In fact, Schaeffer said that the individual meetings after the presentation led to promising conversations with innovators in his focus area of neuroscience.

“We connected with a number of scientists and entrepreneurs performing interesting research,” he says. “If even one of these meetings leads to a potential collaboration, it makes the whole trip worthwhile.”

Among the attendees at JJI’s presentation at JHTV were representatives from the Maryland Department of Commerce. In addition to better understanding how to collaborate with Johnson & Johnson Innovation, the event afforded them the opportunity to meet JJI representatives who specialize in areas where the Department of Commerce wants to make connections, says Bret Schreiber, senior director of the Maryland Department of Commerce’s Office of BioHealth and Life Sciences.

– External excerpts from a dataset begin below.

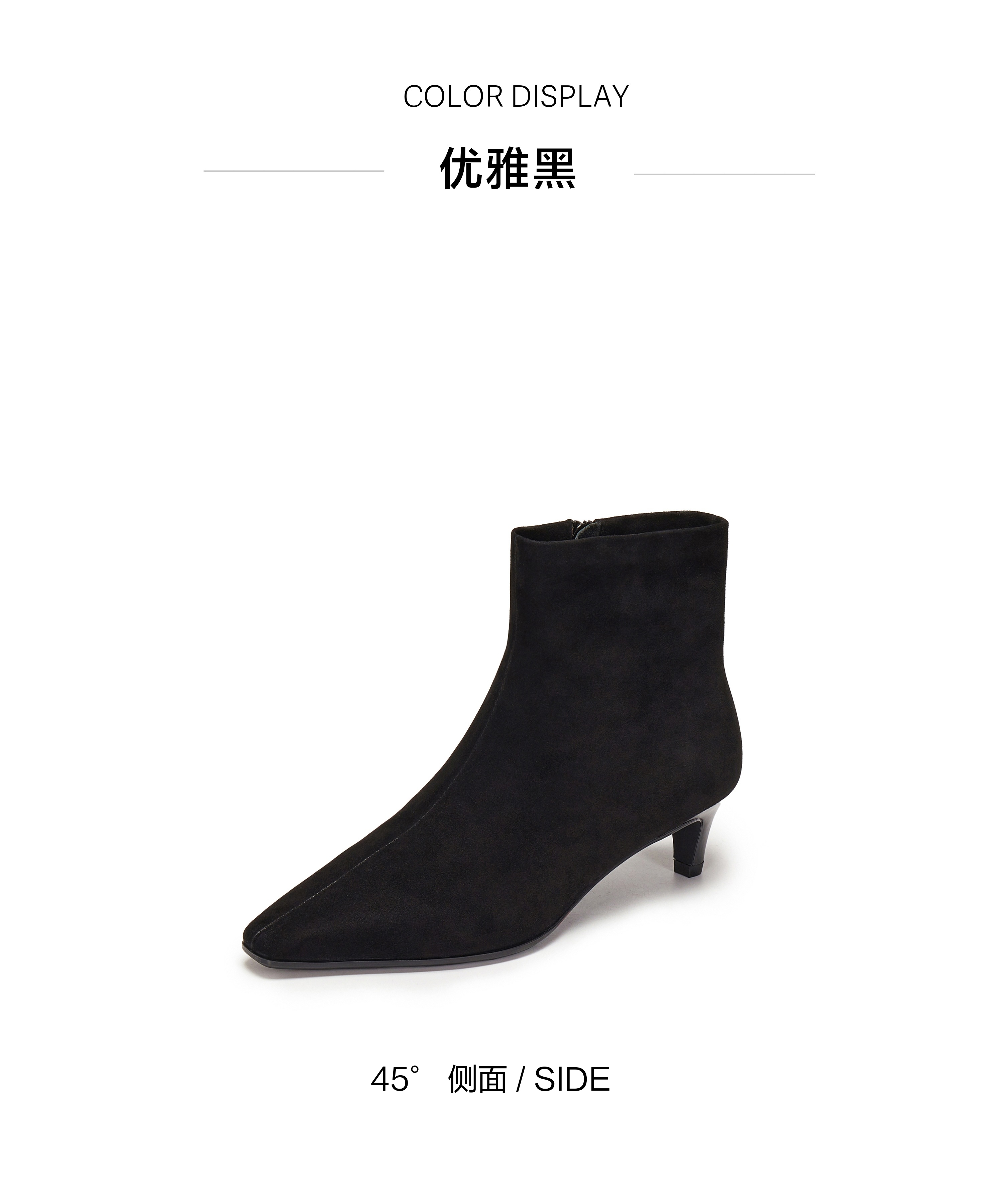 | 鞋底材质:橡胶底 | 靴筒内里材质:织物 | 内增高:无 | 鞋面材质:羊皮革 | 闭合方式:侧拉链 |
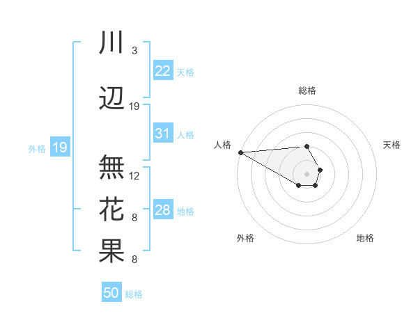 川辺 無花果さんの総格は50画の2点!
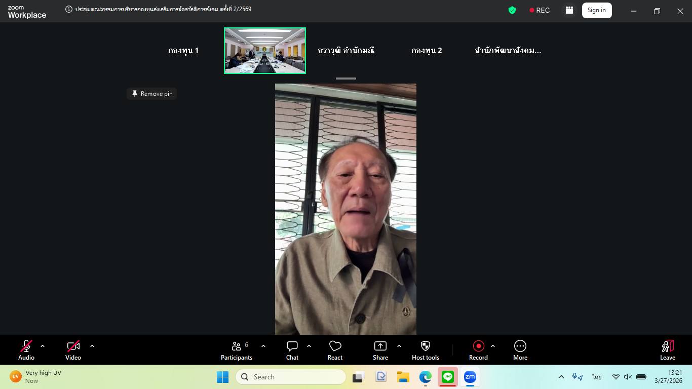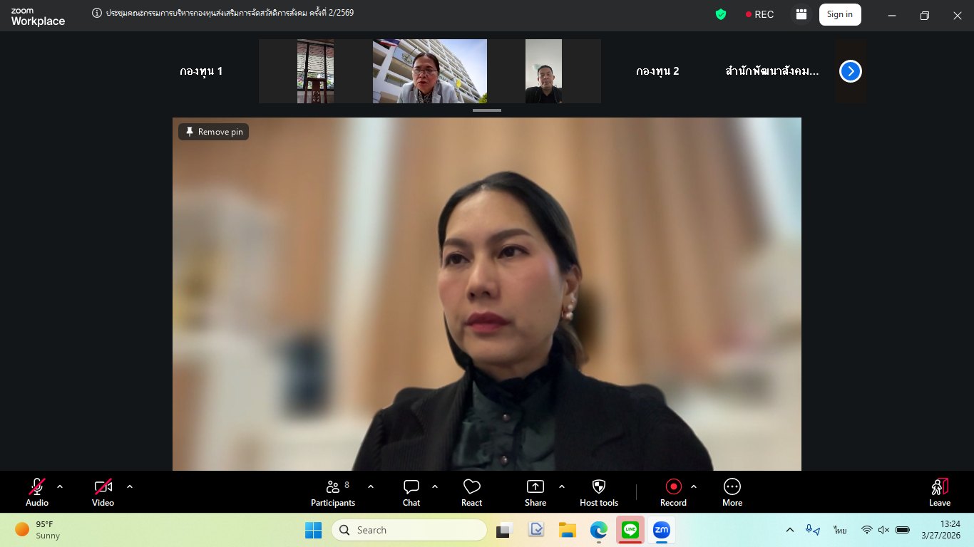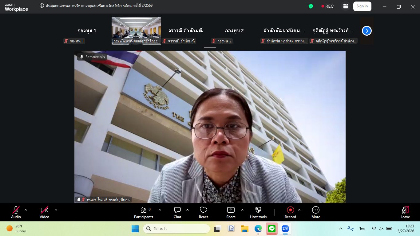 วันศุกร์ที่ 27 มีนาคม พ.ศ. 2569 เวลา 13.30 น. ณ ห้องประชุมชั้น 6 กรมพัฒนาสังคมและสวัสดิการ นางสาวสุนีย์ ศรีสง่าตระกูลเลิศ รองปลัดกระทรวงการพัฒนาสังคมและความมั่นคงของมนุษย์ เป็นประธานการประชุมคณะกรรมการบริหารกองทุนส่งเสริมการจัดสวัสดิการสังคม ครั้งที่ 2/2569 ในรูปแบบผสมผสาน (Hybrid Meeting) โดยนางสาวแรมรุ้ง วรวัธ อธิบดีกรมพัฒนาสังคมและสวัสดิการ มอบหมายให้ นายสุวิชชา วงศ์ไสลย์ ผู้เชี่ยวชาญเฉพาะด้านพัฒนาสังคม ทำหน้าที่รองประธาน ซึ่งมีข้าราชการและเจ้าหน้าที่เข้าร่วมประชุม โดยที่ประชุมร่วมกันพิจารณา ดังนี้

Aside from the many pathways for collaboration that the event opened, Schreiber saw a positive from Johnson & Johnson Innovation coming to Johns Hopkins. It signals, he says, that the Johns Hopkins, Baltimore and Maryland innovation ecosystems are growing stronger.

“Johnson & Johnson is one of the world’s preeminent companies. From an innovation standpoint, their initiatives have been incredible,” Schreiber says. “To have an entity like Johnson & Johnson Innovation come to Johns Hopkins really signals to me that Maryland is moving from an emerging innovation ecosystem to an established one.”